[Records drawn from a dataset]
+ + + +

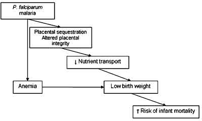Mục đích của dự phòng theo IPT là làm giảm hoặc loại trừ các tác dụng có hại của sốt rét lên tình trạng thiếu máu ở người mẹ và giảm sút cân ở con; ngoài ra, ở vùng lan truyền thấp thì nên ngăn ngừa sốt rét ác tính cho bà mẹ. Bệnh sốt rét gây chậm phát triển trong tử cung như thế nào đến nay vẫn chưa thấu đáo, nhưng trong sốt rét do P. falciparum, thì sự chậm phát triển này có xu hướng xảy ra nhất trên những phụ nữ mang thai lần đầu. Lượng ký sinh trùng sốt rét trong nhau càng lớn thì trọng lượngthai nhi sinh ra càng nhỏ. Sốt rét bẩm sinh-một bằng chứng liên đới đến sự kết cụm các hồng cầu bị ký sinh dẫn đến chấm dứt thai kỳ do tử vong, đã làm gián đoạn một số nghiên cứu can thiệp, mặc dù mối liên quan giữa sốt rét bẩm sinh và giảm trọng lượng trẻ sinh ra cũng chưa được xác lập rõ ràng.
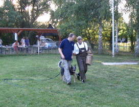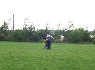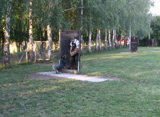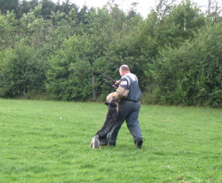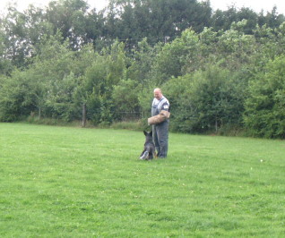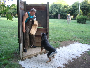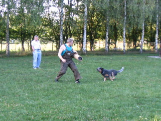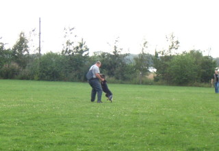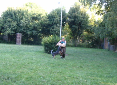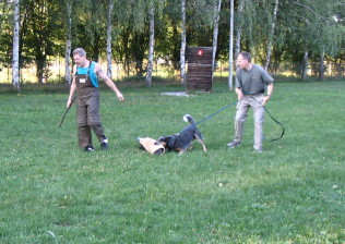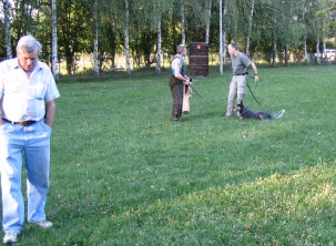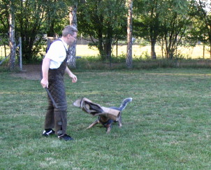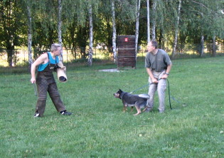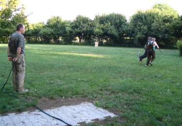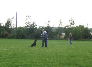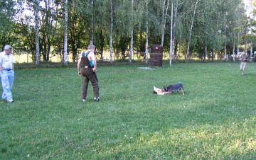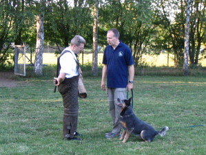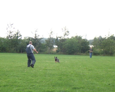 Schutzhunde- Training: ruhig dabei liegen oder sitzen, wenn Herrchen
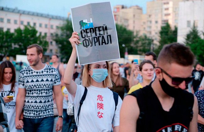 После задержания и ареста губернатора Хабаровского края Сергея Фургала в Хабаровске и других городах региона начались массовые акции протеста, которые в первый день, по разной информации, собрали от 5000 до 35000 человек.
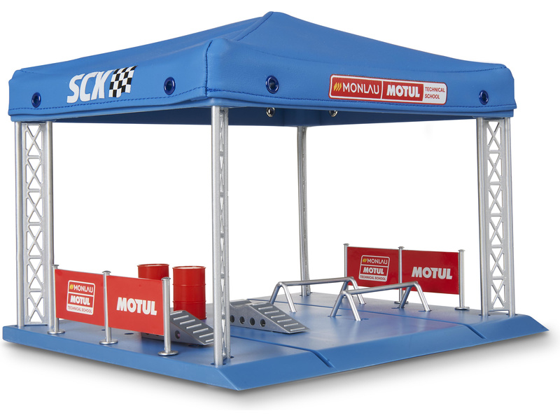 Maketový stan Rally - příslušenství pro autodráhy SCX v měřítku 1:32.
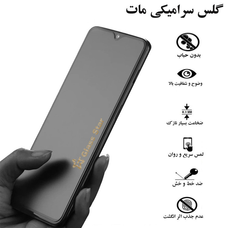 ویژگیها: 9H , جلوگیری از انعکاس نور , قابلیت نصب آسان , مقاوم در برابر چربی و اثرانگشت , مقاوم در برابر خط و خش , نصب بدون حباب
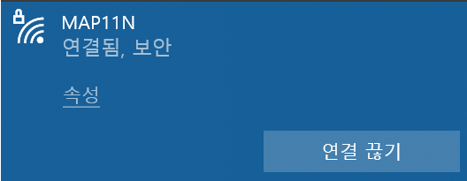 무선AP에 연결되었다면 다음과 같이 "연결됨"으로 표시됩니다.
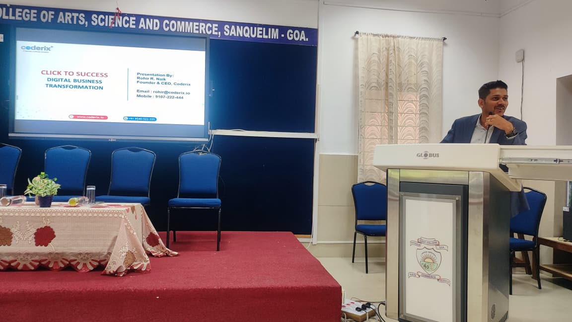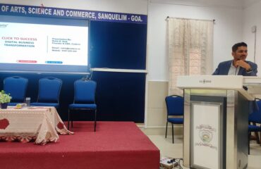 The Department of Commerce at Government College of Arts, Science & Commerce, Sanquelim, affiliated with Goa University, hosted an engaging and insightful session on “Click to Success: Understanding Digital Business Transformation” on September 4, 2025. Rohir Naik was invited as a resource person to deliver the talk to the Commerce students.
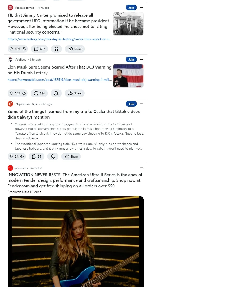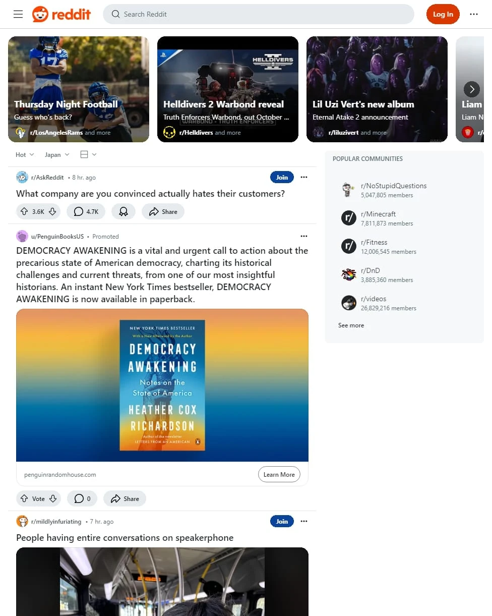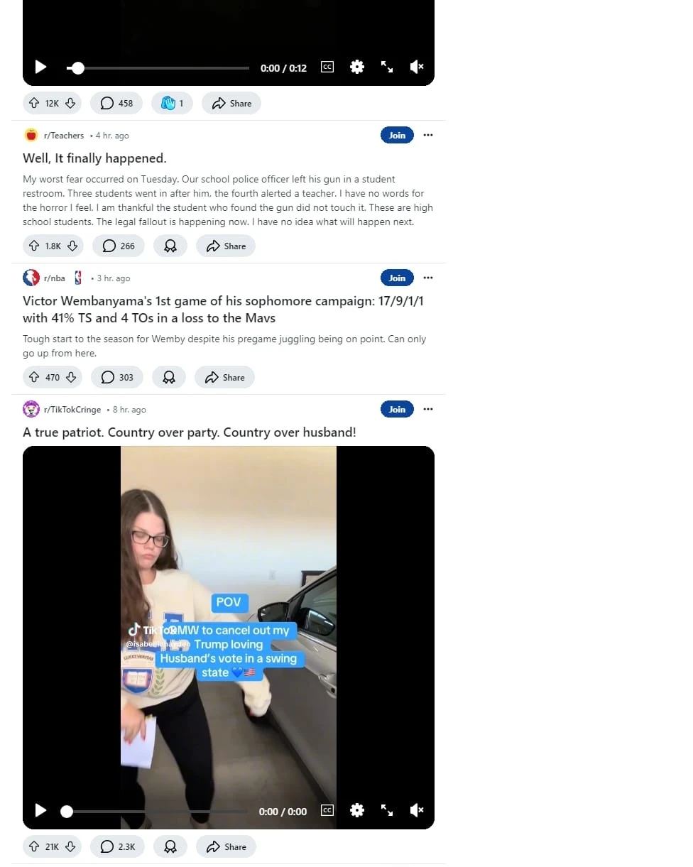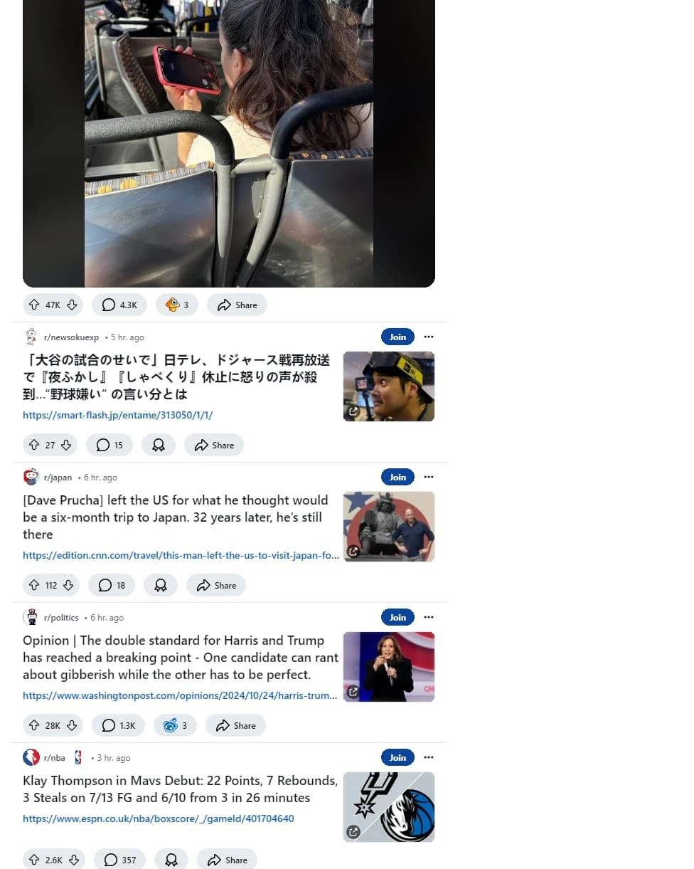 这是一个高度互动的社区分享平台,类似于 Reddit。该网站主要聚合用户生成的内容,涵盖政治、体育、娱乐、生活经验等广泛话题。网站界面简洁明快,以白色为主调,注重内容的可读性和用户互动。用户可以通过评论、投票和分享功能与帖子互动,增强了社区的参与感。

+ + + +

Exercise prompt |
The lines to copy begin at the one containing "무선AP에 연결되었다면 다음과" and end at the last line of the records. Set down exactly those lines and no others, both ends included, and omit all pictures.

Output for this exercise |
 무선AP에 연결되었다면 다음과 같이 "연결됨"으로 표시됩니다.
 The Department of Commerce at Government College of Arts, Science & Commerce, Sanquelim, affiliated with Goa University, hosted an engaging and insightful session on “Click to Success: Understanding Digital Business Transformation” on September 4, 2025. Rohir Naik was invited as a resource person to deliver the talk to the Commerce students.
 这是一个高度互动的社区分享平台,类似于 Reddit。该网站主要聚合用户生成的内容,涵盖政治、体育、娱乐、生活经验等广泛话题。网站界面简洁明快,以白色为主调,注重内容的可读性和用户互动。用户可以通过评论、投票和分享功能与帖子互动,增强了社区的参与感。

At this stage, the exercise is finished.